At The Networx Group, we are often asked specifics how to get started in government contracting, how to expand our federal footprint, or how to increase our win rates on federal pursuits. Recently a partner asked, "What are the first three things we need to do after we have identified a potential opportunity?"
Two different scenarios come to mind:
a.) When was the opportunity identified?
b.) When was it released to the public?
Now realistically, there could be a whole series of "3 Things" you could do at different stages in the procurement cycle. The answer is certainly different depending on whether you are a micro or small business with only one or two people dedicated to business development or if you are an established prime contractor with a full suite of business development, capture and proposal managers and supporting personnel.
For the purposes of this scenario, I will assume we are talking about a small to mid-size federal contractor that has a few people that are tasked with winning federal business. I will further assume, initially, that we are discussing an identified opportunity that is pre-RFQ….so we may be in Sources Sought or RFI territory.
There are preliminary questions that you have to ask yourself as a team:
1. Do you know the customer? Have you done your research to understand the mission of the agency or office and how your solution will solve a problem?

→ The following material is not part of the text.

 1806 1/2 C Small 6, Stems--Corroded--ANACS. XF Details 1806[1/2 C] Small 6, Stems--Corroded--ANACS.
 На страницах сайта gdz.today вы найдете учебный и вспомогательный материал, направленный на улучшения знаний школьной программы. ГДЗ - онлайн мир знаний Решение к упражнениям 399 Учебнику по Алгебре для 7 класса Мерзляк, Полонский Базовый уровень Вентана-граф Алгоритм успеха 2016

2. Does the customer know you? Have you done a capability briefing or met with with this particular program team or contracting officer? Do you have past performance with this office or agency?
3. Do you know your competition?
4. What is the acquisition strategy?
If you feel that you have solid answers to these four questions, then you are well on your way to increasing the success of your pursuit. Now let's move on to the real purpose of this blogpost...to answer the question. What are the first three things you need to do once an opportunity has been identified?

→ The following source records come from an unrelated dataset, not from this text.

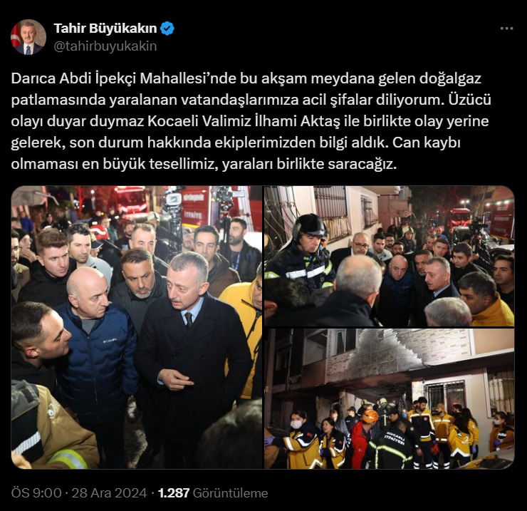 Kocaeli Büyükşehir Belediye Başkanı Tahir Büyükakın ve Kocaeli Valisi İlhami Aktaş olay yerine gelerek durum hakkında ekiplerden bilgi aldı. Büyükakın, sosyal medya hesabından yaptığı açıklamada, “Üzücü olayı duyar duymaz Kocaeli Valimiz İlhami Aktaş ile birlikte olay yerine gelerek, son durum hakkında ekiplerimizden bilgi aldık. Can kaybı olmaması en büyük tesellimiz, yaraları birlikte saracağız,” ifadelerini kullandı. Olay yerine çok sayıda itfaiye, sağlık ve polis ekibi sevk edilirken, çevrede güvenlik önlemleri alındı.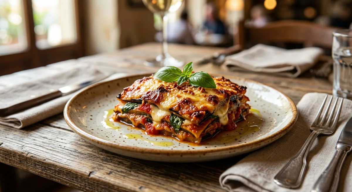 A deeply soulful Neapolitan classic where slow-roasted eggplant slices are layered with a long-simmered San Marzano tomato sauce, torn fresh mozzarella, fragrant whole basil leaves, and an extravagant snowfall of Parmigiano-Reggiano, then baked until the layers meld into a silky, quivering timbale that holds its shape on the plate. Each forkful delivers velvet-soft eggplant, tangy-sweet sauce, and the pull of melted cheese in perfect harmony. This is Italian comfort food at its most elemental and satisfying.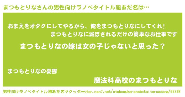 | 女子向けラノベタイトル風あだ名 | 『まつもとりなの卵を拾いまして』 |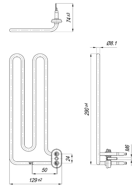 Elektromos csőfűtőbetét mosogatógéphez NEO WEG MIDEA GORENJE Aisi 316L Ø8.1mm ~ 230V 1800W "M"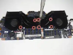 Удалите (7) винта с крестообразной головкой 3 мм, прикрепляющих сборку радиатора к системной плате, используя отвёртку Phillips #0.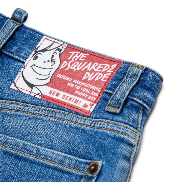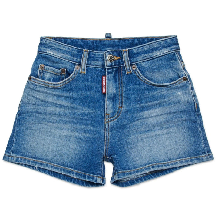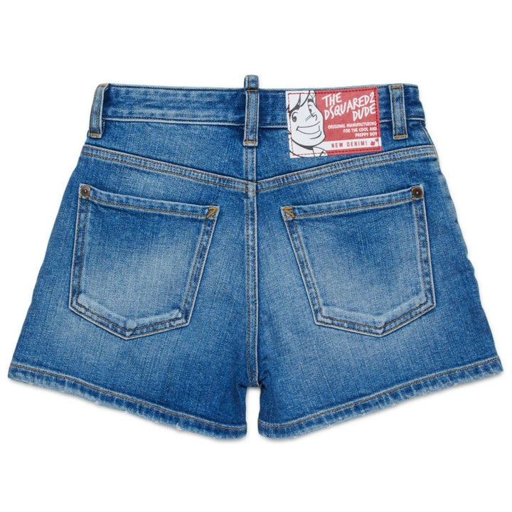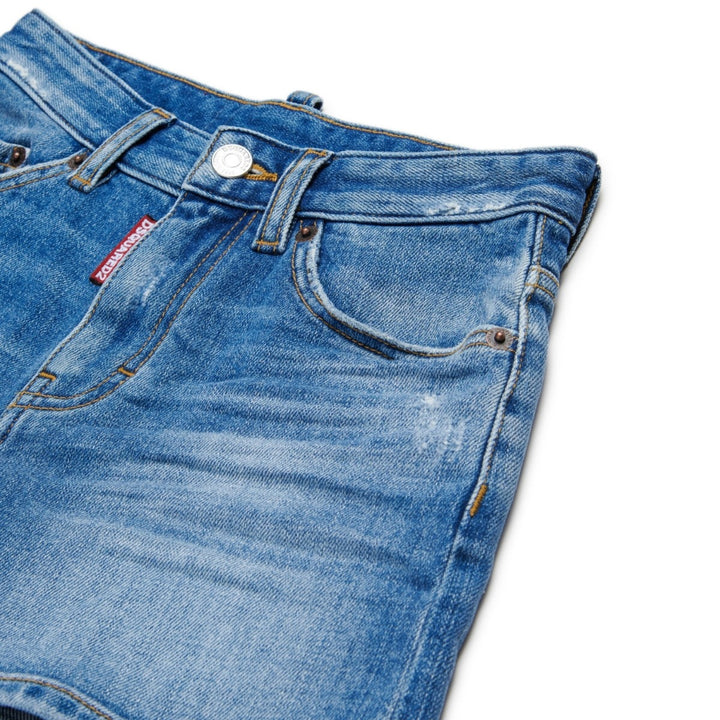 Jeans short pants. Made of medium blue denim, distinguished by contrasting colour gradients, whiskers and small abrasions. Dsquared2 label applied to the flap (flag logo).

1. Get the team together and establish the cadence of your proposal cycle. Get your proposal manager involved quickly. Find out what you need to effectively deliver a winning proposal.
2. Establish a winning theme: This is where your capture manager shines. Your capture plan should be able to supply the strategy based on the things we discussed before….
a. Do you know the customer? Have you done your research to understand the mission of the agency or office and how your solution will fit.
b. Does the customer know you?
c. Do you know your competition?
d. What is the acquisition strategy?
The capture management team will be able to develop a theme that emphasizes your strengths, mitigate your weaknesses, highlight your competitors weaknesses and downplay your competitors strengths.
3. Get executive buy-in (if you need it) and then execute! There is nothing worse than getting deep into a procurement cycle where you have spent time and effort into capture and proposal planning and technical writing only to find out that what you are going after doesn’t have the support of leadership or is in a direction contrary to corporate strategy.
You need business development intelligence to understand what is coming down the line. You need capture management strategies that help you synthesize what you know about your organization and your customer and provide some of (if not most of) the content and relevancy about the proposal. And you must have a proposal management function, or cycle, or system that actively manages the day- to-day calendar of deliverables and reviews necessary to meet the customer’s deadlines and produce a high-quality winning proposal.
You don’t necessarily have to have personnel in-house in all of these roles to be successful, but it certainly helps to be able to segment responsibilities across the full spectrum of federal business development. What you do need to have….what you must have to be more successful in pursuits...is a well-reasoned approach that incorporates aspects of what we’ve discussed.